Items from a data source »
*** Block opens ***

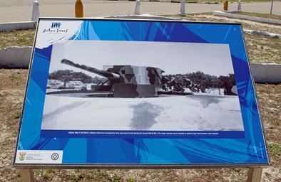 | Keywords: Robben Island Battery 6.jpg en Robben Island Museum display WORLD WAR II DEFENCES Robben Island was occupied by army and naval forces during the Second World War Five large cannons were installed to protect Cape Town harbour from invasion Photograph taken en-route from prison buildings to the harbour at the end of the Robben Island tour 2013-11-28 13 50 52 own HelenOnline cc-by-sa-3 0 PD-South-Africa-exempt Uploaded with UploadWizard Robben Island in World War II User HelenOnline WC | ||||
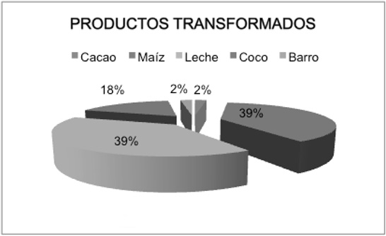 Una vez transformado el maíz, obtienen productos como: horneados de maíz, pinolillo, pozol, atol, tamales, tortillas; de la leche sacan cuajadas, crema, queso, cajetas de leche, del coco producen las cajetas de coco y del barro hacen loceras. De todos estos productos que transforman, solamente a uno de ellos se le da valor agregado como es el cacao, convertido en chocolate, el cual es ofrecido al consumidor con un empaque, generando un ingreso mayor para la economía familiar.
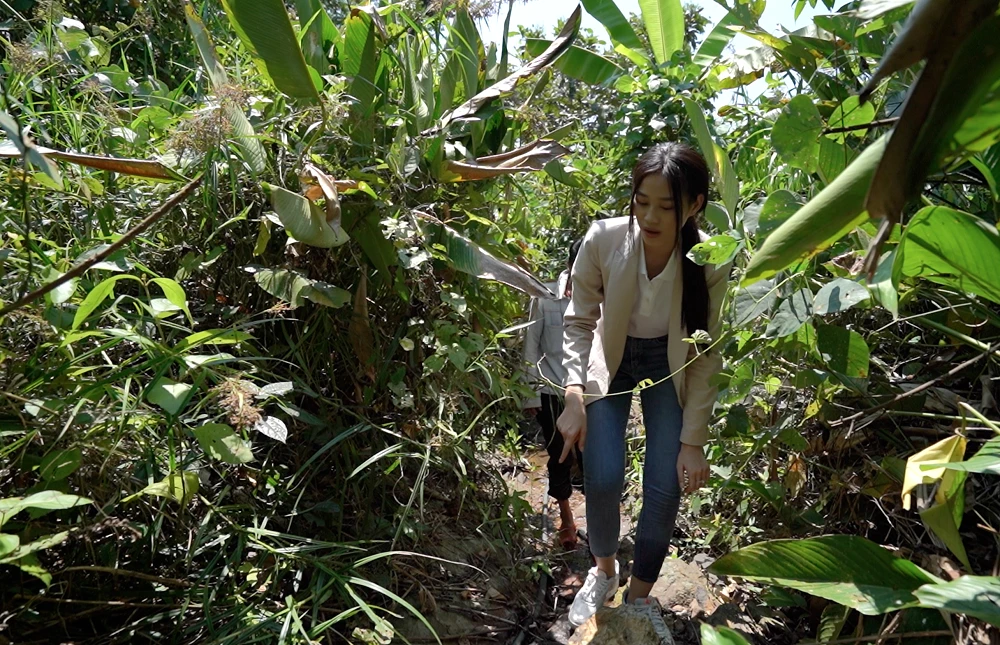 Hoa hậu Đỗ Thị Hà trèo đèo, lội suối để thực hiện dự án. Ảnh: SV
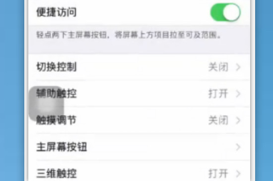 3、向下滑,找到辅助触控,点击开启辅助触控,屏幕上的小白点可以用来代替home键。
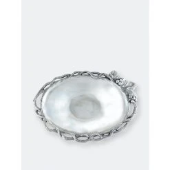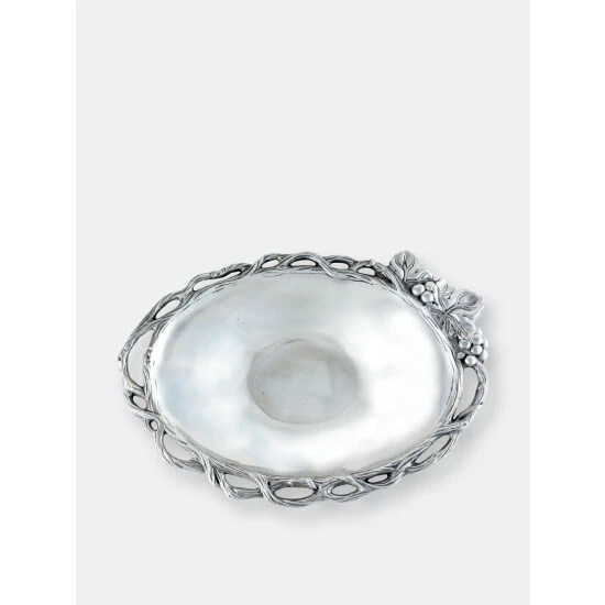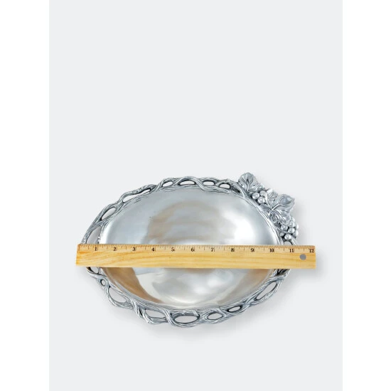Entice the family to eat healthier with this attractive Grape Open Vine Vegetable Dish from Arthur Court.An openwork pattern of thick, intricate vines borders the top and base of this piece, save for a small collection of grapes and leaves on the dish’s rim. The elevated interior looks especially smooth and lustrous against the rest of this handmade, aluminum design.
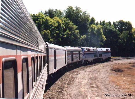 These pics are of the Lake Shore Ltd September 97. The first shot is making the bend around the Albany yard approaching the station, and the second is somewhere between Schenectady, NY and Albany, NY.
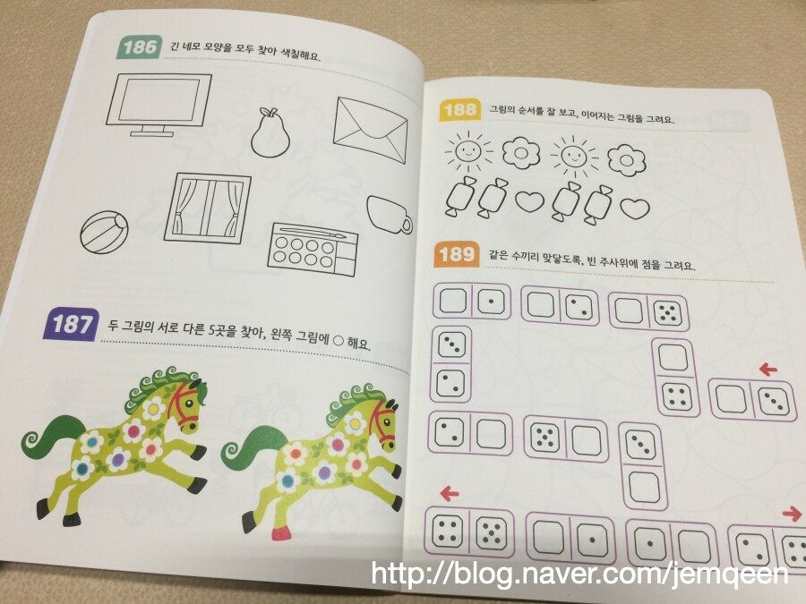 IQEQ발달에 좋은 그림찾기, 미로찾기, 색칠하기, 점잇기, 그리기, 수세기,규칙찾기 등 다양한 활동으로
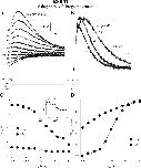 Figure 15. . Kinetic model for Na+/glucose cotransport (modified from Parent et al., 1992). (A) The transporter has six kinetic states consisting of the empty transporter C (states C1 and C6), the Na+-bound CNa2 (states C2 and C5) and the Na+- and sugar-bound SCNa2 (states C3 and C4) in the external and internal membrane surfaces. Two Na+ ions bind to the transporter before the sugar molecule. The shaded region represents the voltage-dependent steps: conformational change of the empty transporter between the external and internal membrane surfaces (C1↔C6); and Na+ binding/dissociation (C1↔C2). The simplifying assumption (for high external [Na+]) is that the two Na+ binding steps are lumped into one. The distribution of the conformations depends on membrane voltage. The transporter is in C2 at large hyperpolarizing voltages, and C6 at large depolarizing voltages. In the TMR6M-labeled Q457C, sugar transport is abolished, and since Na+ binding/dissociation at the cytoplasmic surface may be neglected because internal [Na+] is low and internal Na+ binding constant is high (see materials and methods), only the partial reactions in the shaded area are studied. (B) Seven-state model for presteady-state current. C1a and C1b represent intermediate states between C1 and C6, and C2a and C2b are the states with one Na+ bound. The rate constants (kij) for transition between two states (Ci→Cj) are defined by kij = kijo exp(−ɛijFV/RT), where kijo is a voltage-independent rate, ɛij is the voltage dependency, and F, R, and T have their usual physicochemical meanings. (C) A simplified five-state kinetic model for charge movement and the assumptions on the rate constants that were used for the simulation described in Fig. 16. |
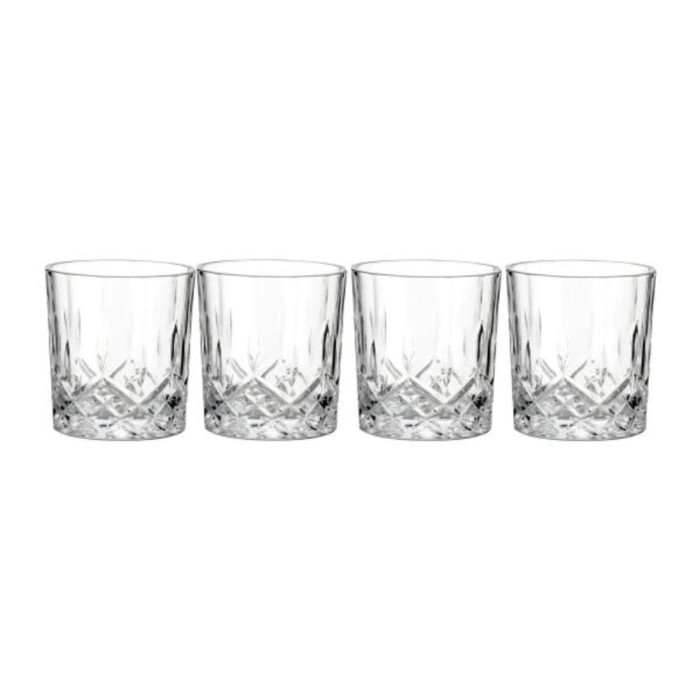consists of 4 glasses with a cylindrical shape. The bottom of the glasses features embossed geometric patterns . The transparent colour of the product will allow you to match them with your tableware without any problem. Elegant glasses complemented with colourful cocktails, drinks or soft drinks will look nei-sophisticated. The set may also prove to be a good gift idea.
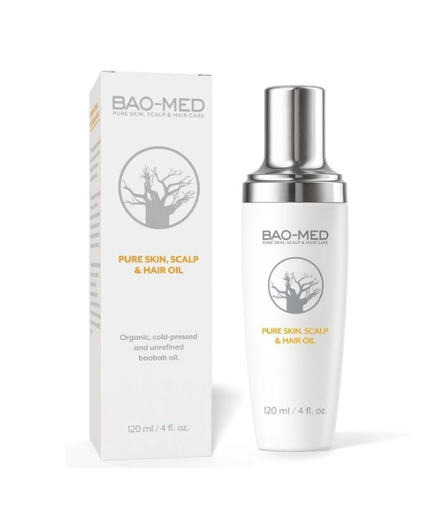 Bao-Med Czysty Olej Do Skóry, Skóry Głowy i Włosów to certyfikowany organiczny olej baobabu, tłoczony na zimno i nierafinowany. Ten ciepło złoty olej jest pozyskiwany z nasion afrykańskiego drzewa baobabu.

*** Block closes ***
*** Block opens ***

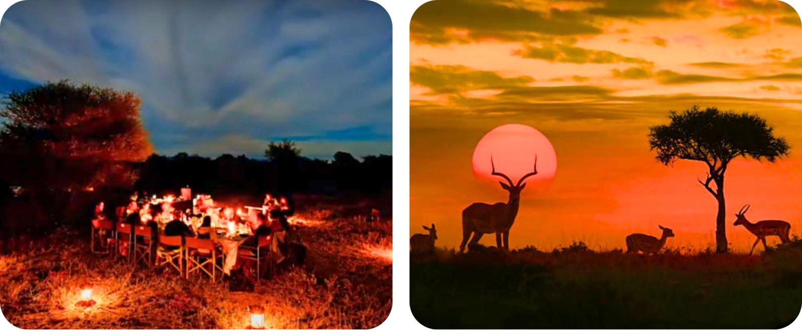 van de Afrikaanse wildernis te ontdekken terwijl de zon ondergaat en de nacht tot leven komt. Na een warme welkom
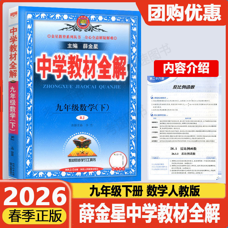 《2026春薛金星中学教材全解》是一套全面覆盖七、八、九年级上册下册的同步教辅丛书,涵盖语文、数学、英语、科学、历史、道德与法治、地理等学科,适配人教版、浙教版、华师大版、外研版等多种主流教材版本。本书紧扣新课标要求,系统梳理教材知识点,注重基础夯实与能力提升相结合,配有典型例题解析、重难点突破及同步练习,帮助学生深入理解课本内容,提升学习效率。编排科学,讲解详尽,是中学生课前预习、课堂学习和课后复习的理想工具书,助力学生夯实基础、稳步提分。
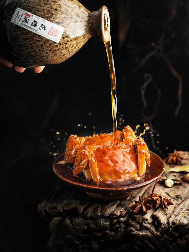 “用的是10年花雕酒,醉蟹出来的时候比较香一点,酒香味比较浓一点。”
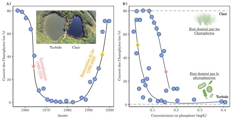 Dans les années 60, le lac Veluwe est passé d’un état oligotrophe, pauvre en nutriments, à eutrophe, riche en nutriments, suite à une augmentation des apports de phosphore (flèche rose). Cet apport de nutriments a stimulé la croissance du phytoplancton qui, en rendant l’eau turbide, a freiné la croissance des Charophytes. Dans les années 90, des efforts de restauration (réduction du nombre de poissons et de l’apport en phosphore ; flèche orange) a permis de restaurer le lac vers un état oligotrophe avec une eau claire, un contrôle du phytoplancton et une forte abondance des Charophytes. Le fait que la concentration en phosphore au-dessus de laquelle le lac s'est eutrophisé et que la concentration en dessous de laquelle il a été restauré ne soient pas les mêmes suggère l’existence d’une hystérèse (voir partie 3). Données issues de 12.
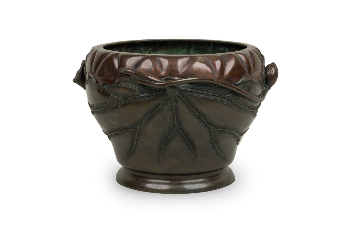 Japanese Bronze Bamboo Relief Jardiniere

*** Block closes ***

What is being asked »
Look above for the line with "HelenOnline WC | ||||" and copy exactly from it through the line with "IQEQ발달에 좋은 그림찾기, 미로찾기, 색칠하기, 점잇기, 그리기, 수세기,규칙찾기", both included. Omit the pictures.

Solution to this problem »
 | Keywords: Robben Island Battery 6.jpg en Robben Island Museum display WORLD WAR II DEFENCES Robben Island was occupied by army and naval forces during the Second World War Five large cannons were installed to protect Cape Town harbour from invasion Photograph taken en-route from prison buildings to the harbour at the end of the Robben Island tour 2013-11-28 13 50 52 own HelenOnline cc-by-sa-3 0 PD-South-Africa-exempt Uploaded with UploadWizard Robben Island in World War II User HelenOnline WC | ||||
 Una vez transformado el maíz, obtienen productos como: horneados de maíz, pinolillo, pozol, atol, tamales, tortillas; de la leche sacan cuajadas, crema, queso, cajetas de leche, del coco producen las cajetas de coco y del barro hacen loceras. De todos estos productos que transforman, solamente a uno de ellos se le da valor agregado como es el cacao, convertido en chocolate, el cual es ofrecido al consumidor con un empaque, generando un ingreso mayor para la economía familiar.
 Hoa hậu Đỗ Thị Hà trèo đèo, lội suối để thực hiện dự án. Ảnh: SV
 3、向下滑,找到辅助触控,点击开启辅助触控,屏幕上的小白点可以用来代替home键。
Entice the family to eat healthier with this attractive Grape Open Vine Vegetable Dish from Arthur Court.An openwork pattern of thick, intricate vines borders the top and base of this piece, save for a small collection of grapes and leaves on the dish’s rim. The elevated interior looks especially smooth and lustrous against the rest of this handmade, aluminum design.
 These pics are of the Lake Shore Ltd September 97. The first shot is making the bend around the Albany yard approaching the station, and the second is somewhere between Schenectady, NY and Albany, NY.
 IQEQ발달에 좋은 그림찾기, 미로찾기, 색칠하기, 점잇기, 그리기, 수세기,규칙찾기 등 다양한 활동으로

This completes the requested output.